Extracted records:

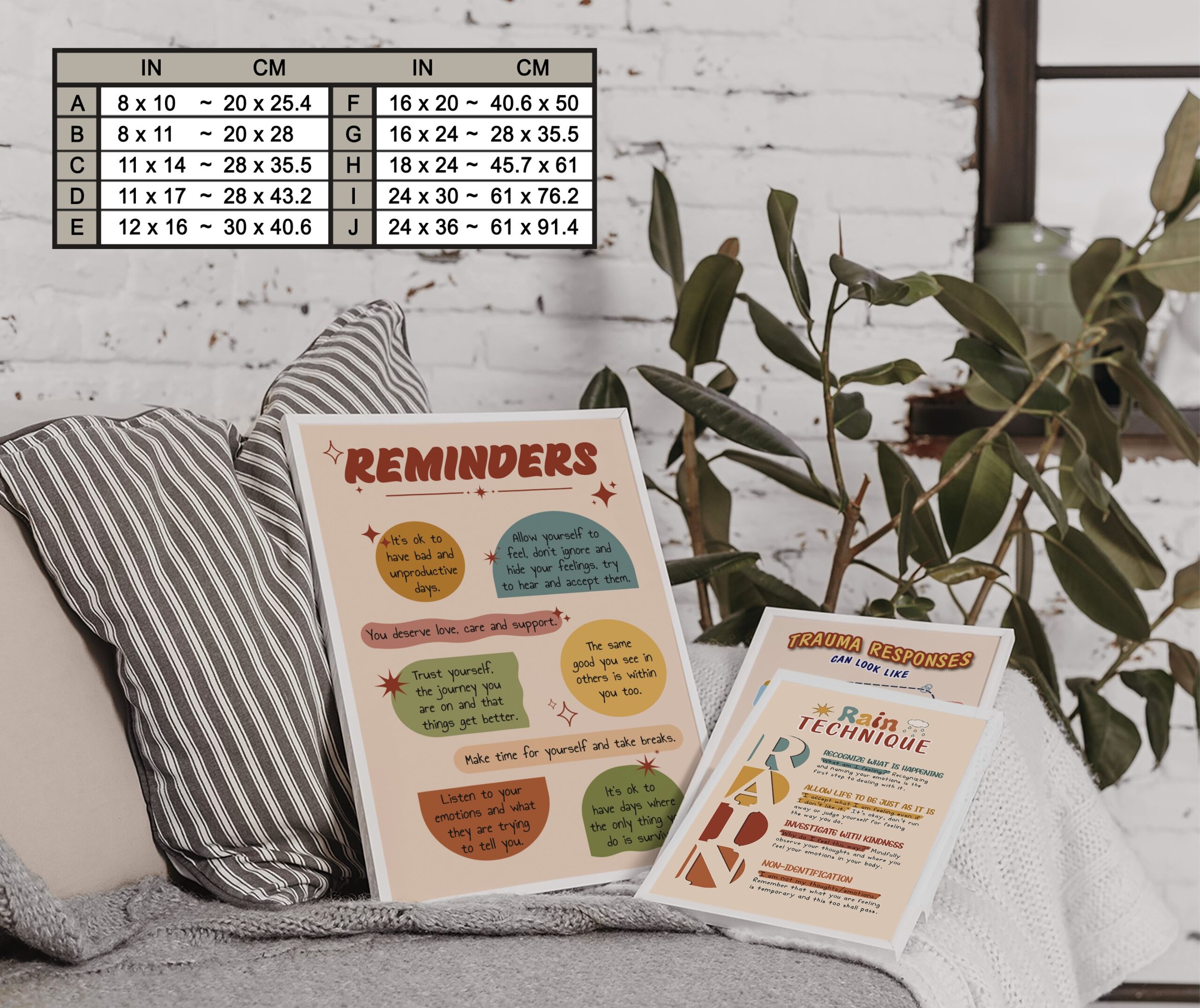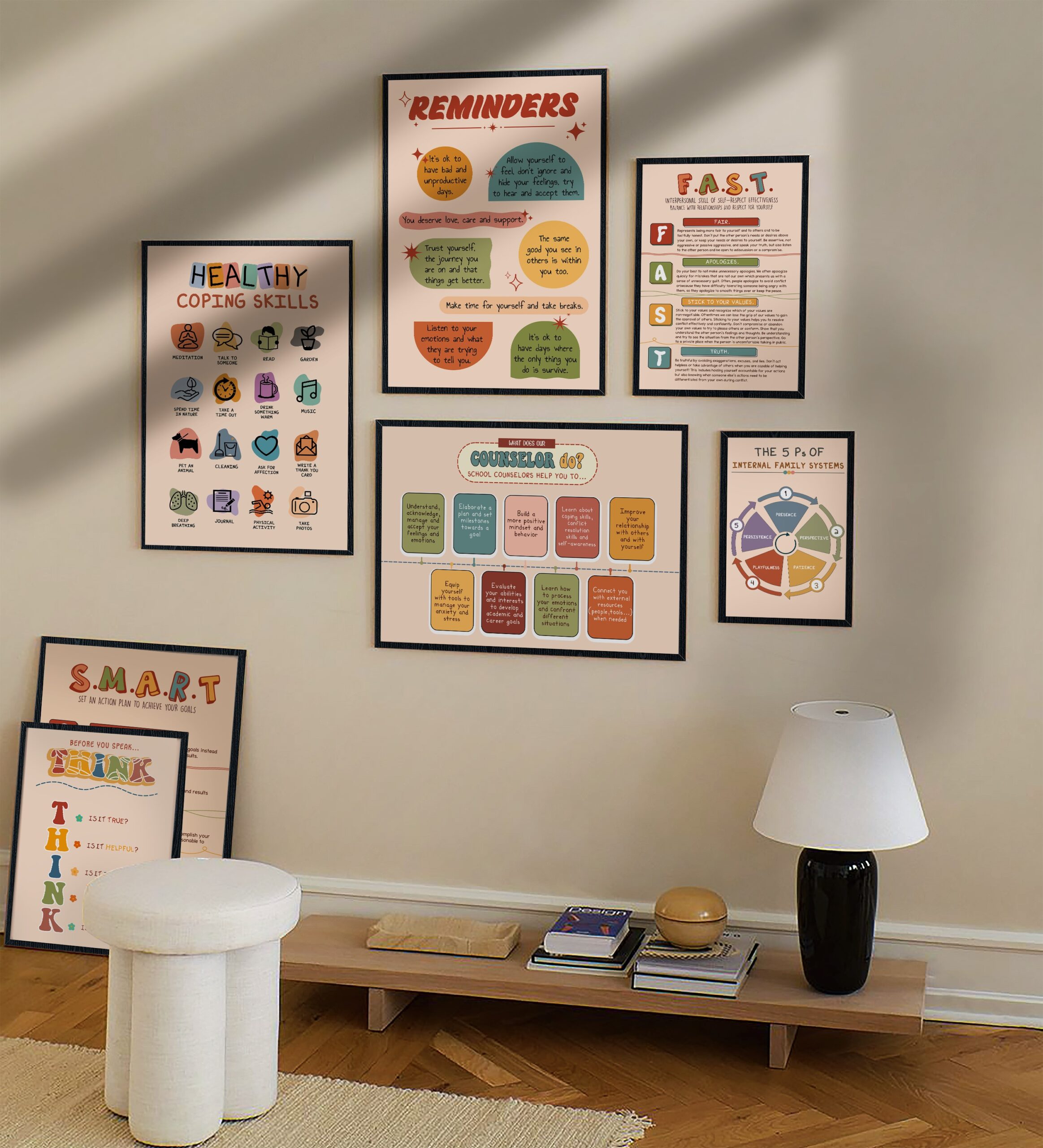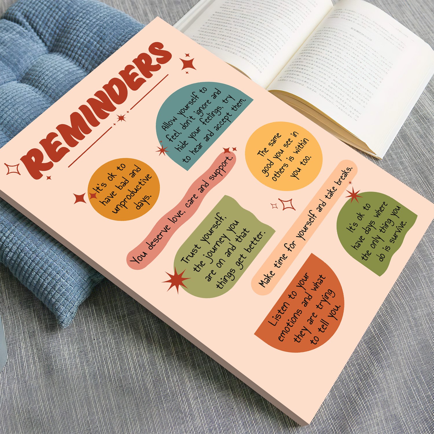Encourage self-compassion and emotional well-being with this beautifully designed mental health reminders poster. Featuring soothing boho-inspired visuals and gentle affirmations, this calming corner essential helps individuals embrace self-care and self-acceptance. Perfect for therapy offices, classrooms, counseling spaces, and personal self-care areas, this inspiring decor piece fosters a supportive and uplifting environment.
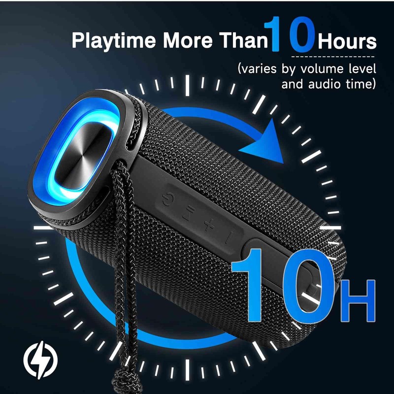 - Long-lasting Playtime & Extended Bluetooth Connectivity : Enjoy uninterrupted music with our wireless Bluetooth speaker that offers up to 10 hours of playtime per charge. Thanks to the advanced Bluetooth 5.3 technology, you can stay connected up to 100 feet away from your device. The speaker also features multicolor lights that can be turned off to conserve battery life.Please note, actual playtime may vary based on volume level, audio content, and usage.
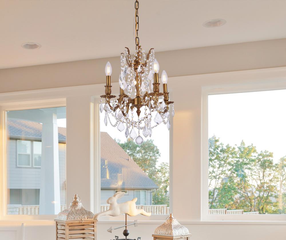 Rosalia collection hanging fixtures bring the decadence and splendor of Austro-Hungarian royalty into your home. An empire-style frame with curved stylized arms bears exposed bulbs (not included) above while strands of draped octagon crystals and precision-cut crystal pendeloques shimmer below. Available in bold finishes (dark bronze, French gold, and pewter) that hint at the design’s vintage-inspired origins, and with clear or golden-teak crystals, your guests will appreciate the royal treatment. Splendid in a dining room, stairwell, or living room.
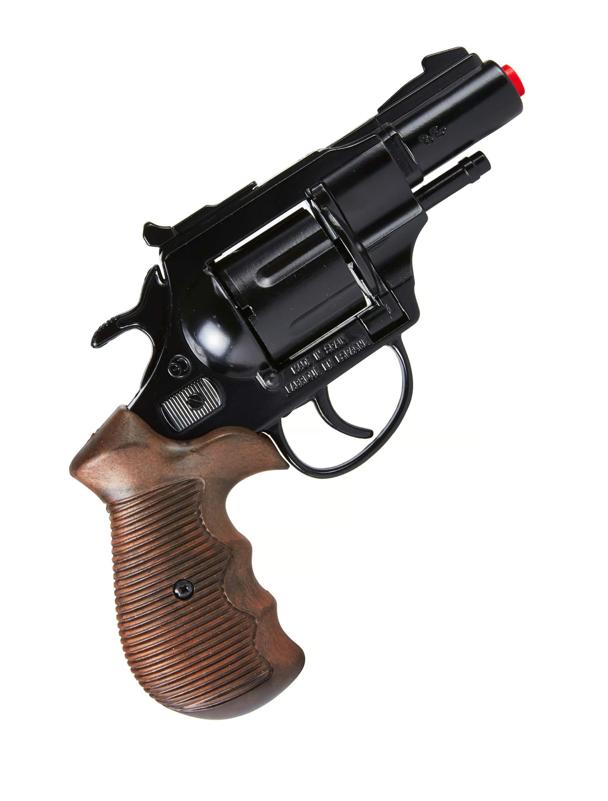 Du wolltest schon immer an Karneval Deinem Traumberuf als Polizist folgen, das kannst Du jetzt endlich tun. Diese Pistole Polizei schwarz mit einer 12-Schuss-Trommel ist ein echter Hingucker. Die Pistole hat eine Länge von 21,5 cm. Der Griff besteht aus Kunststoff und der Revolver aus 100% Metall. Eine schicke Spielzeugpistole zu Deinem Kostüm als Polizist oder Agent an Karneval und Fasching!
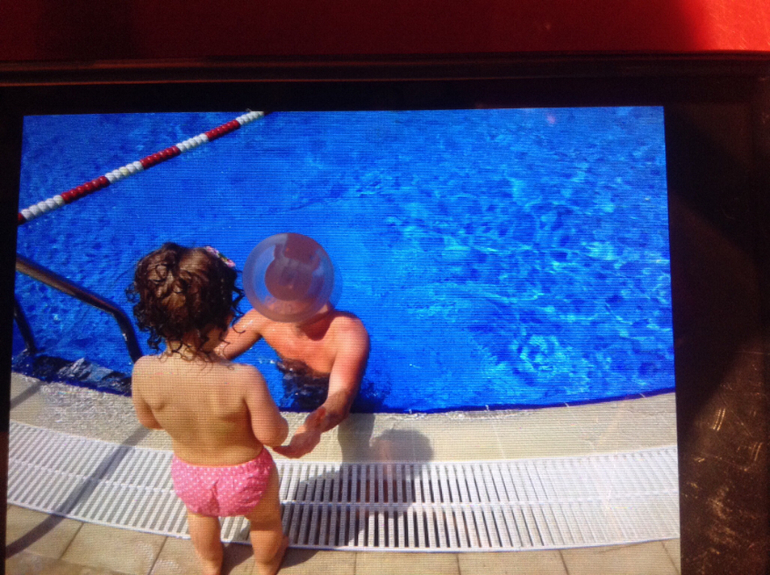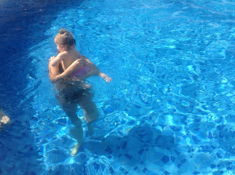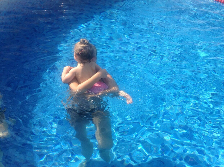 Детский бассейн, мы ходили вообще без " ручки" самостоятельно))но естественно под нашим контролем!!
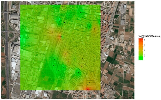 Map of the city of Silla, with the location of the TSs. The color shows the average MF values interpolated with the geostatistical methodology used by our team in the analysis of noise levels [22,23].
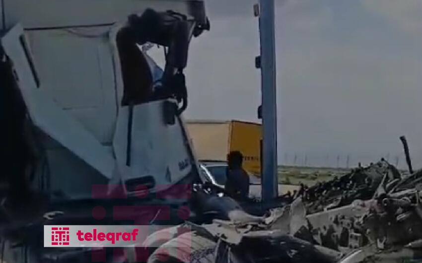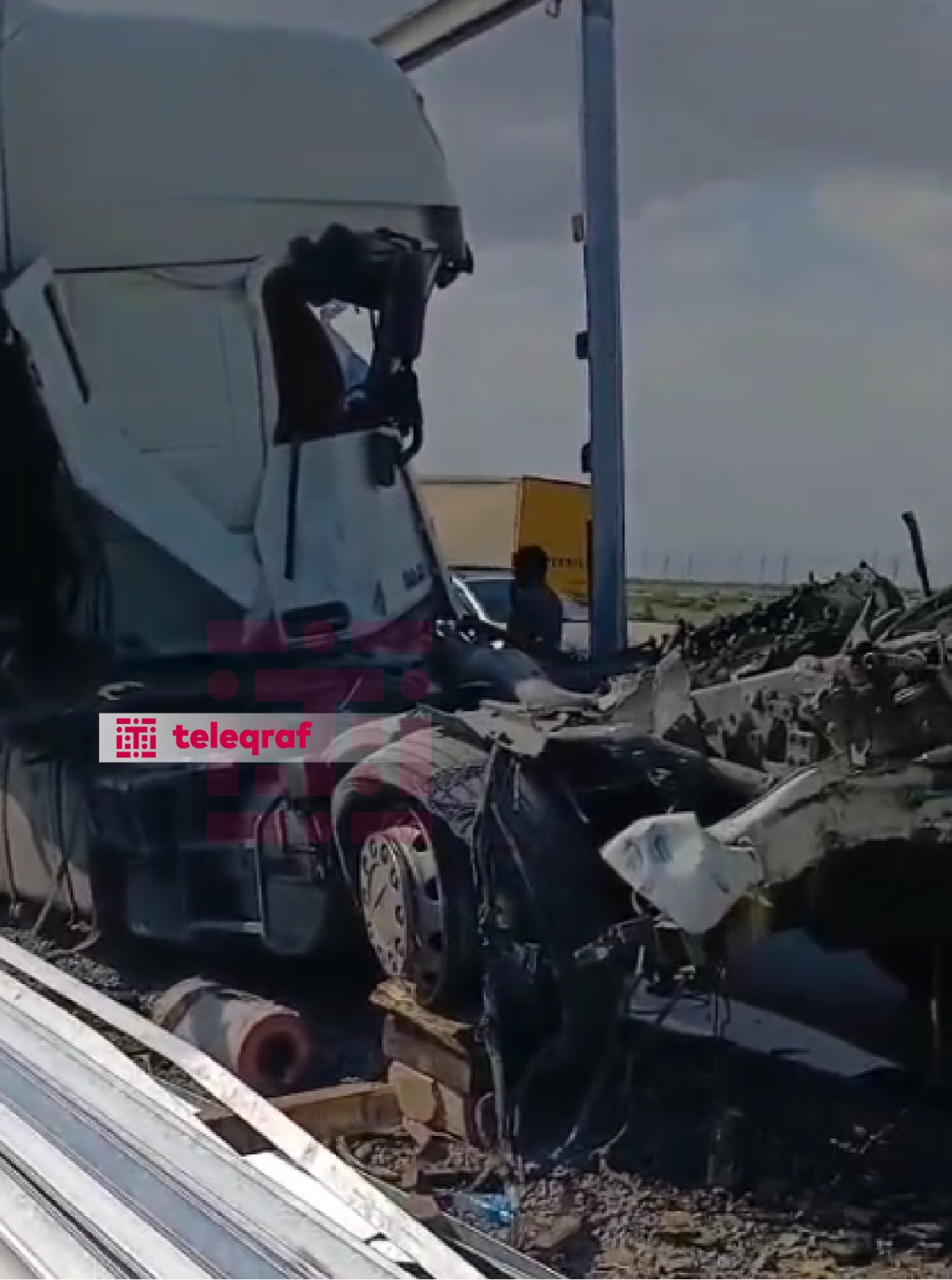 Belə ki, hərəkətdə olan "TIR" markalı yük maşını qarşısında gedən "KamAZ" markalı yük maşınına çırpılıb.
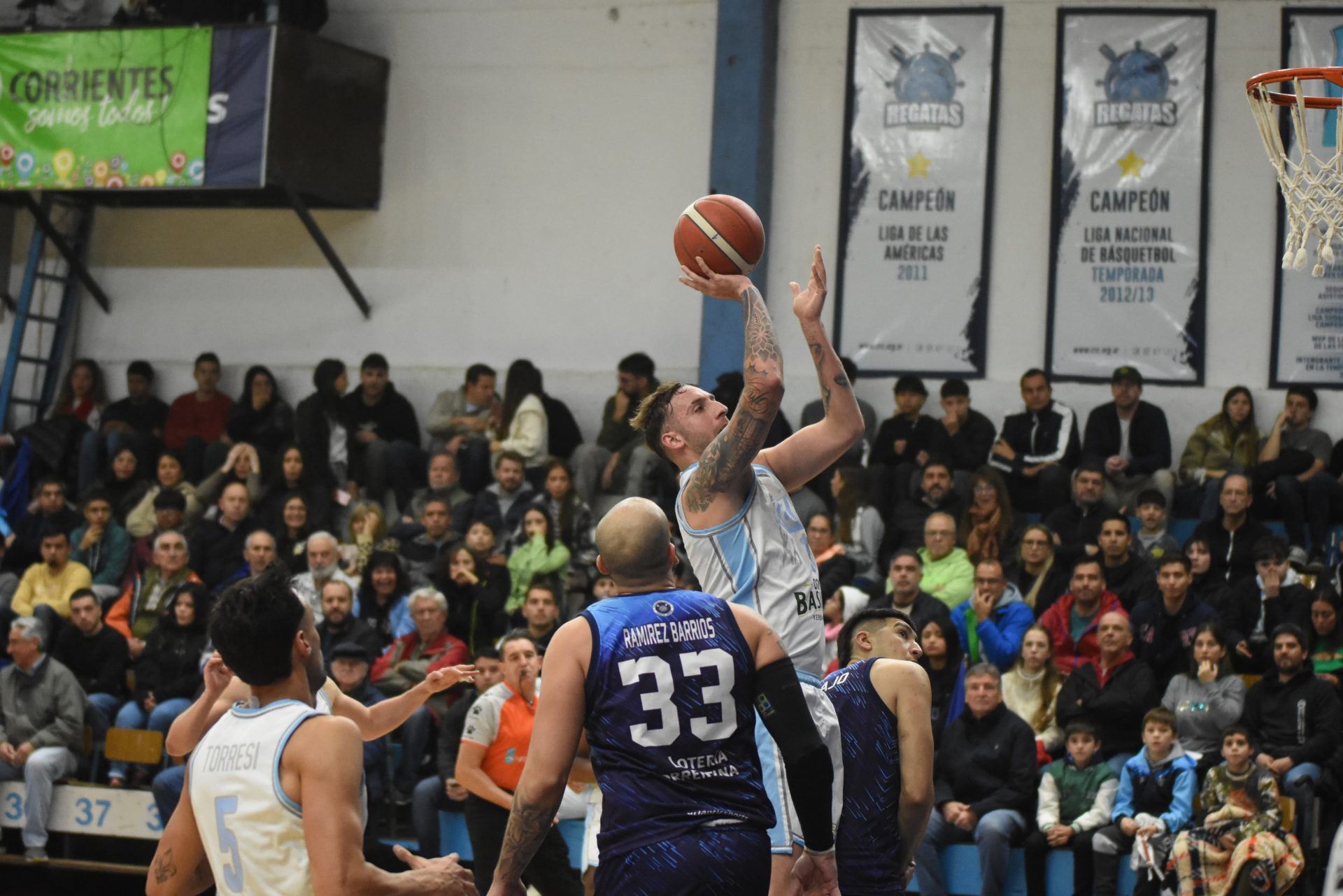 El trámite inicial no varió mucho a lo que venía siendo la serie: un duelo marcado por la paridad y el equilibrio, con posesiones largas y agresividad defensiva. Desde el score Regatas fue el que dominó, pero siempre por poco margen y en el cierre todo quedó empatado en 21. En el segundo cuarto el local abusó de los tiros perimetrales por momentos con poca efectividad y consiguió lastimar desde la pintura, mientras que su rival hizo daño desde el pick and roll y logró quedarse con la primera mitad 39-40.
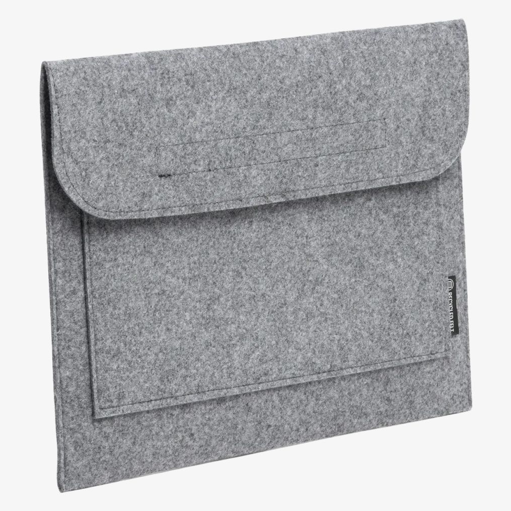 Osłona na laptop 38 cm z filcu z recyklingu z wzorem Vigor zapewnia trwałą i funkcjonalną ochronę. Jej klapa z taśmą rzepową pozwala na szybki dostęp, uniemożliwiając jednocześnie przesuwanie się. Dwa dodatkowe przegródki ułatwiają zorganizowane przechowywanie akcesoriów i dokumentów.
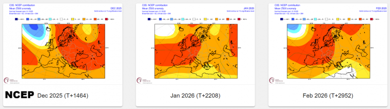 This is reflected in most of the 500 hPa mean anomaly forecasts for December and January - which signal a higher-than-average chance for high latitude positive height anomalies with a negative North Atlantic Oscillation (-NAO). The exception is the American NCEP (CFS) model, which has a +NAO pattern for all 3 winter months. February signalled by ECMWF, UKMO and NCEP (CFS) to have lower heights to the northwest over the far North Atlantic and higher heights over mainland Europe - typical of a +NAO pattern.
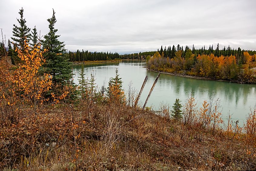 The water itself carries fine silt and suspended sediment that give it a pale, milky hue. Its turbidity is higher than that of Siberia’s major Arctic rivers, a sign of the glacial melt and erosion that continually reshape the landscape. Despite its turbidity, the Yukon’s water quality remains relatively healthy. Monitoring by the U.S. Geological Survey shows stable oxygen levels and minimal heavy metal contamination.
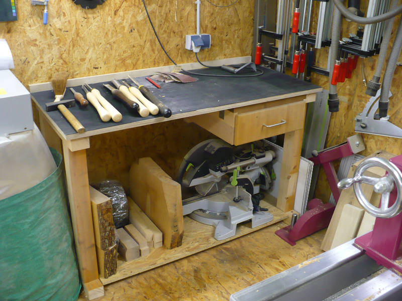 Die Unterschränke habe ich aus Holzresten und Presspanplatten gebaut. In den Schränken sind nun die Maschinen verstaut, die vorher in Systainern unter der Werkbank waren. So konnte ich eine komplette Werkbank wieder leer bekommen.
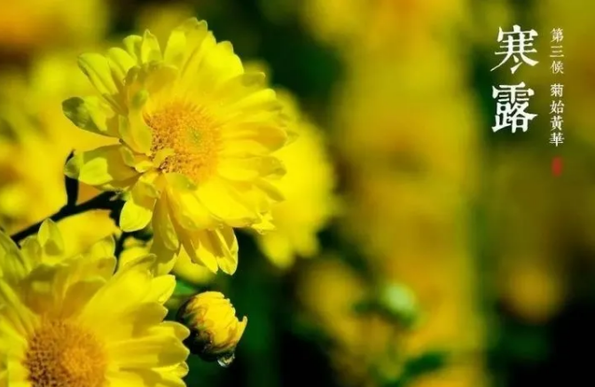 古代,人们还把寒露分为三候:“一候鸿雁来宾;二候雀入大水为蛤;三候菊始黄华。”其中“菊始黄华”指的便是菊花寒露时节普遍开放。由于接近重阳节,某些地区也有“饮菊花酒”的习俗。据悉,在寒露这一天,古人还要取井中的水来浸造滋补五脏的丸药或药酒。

◆ Task to complete ◆
Between and including the line above that contains "This is reflected" and the line that contains "The water itself", restate every line word for word. Pictures stay out.

◆ Response to this task ◆
 This is reflected in most of the 500 hPa mean anomaly forecasts for December and January - which signal a higher-than-average chance for high latitude positive height anomalies with a negative North Atlantic Oscillation (-NAO). The exception is the American NCEP (CFS) model, which has a +NAO pattern for all 3 winter months. February signalled by ECMWF, UKMO and NCEP (CFS) to have lower heights to the northwest over the far North Atlantic and higher heights over mainland Europe - typical of a +NAO pattern.
 The water itself carries fine silt and suspended sediment that give it a pale, milky hue. Its turbidity is higher than that of Siberia’s major Arctic rivers, a sign of the glacial melt and erosion that continually reshape the landscape. Despite its turbidity, the Yukon’s water quality remains relatively healthy. Monitoring by the U.S. Geological Survey shows stable oxygen levels and minimal heavy metal contamination.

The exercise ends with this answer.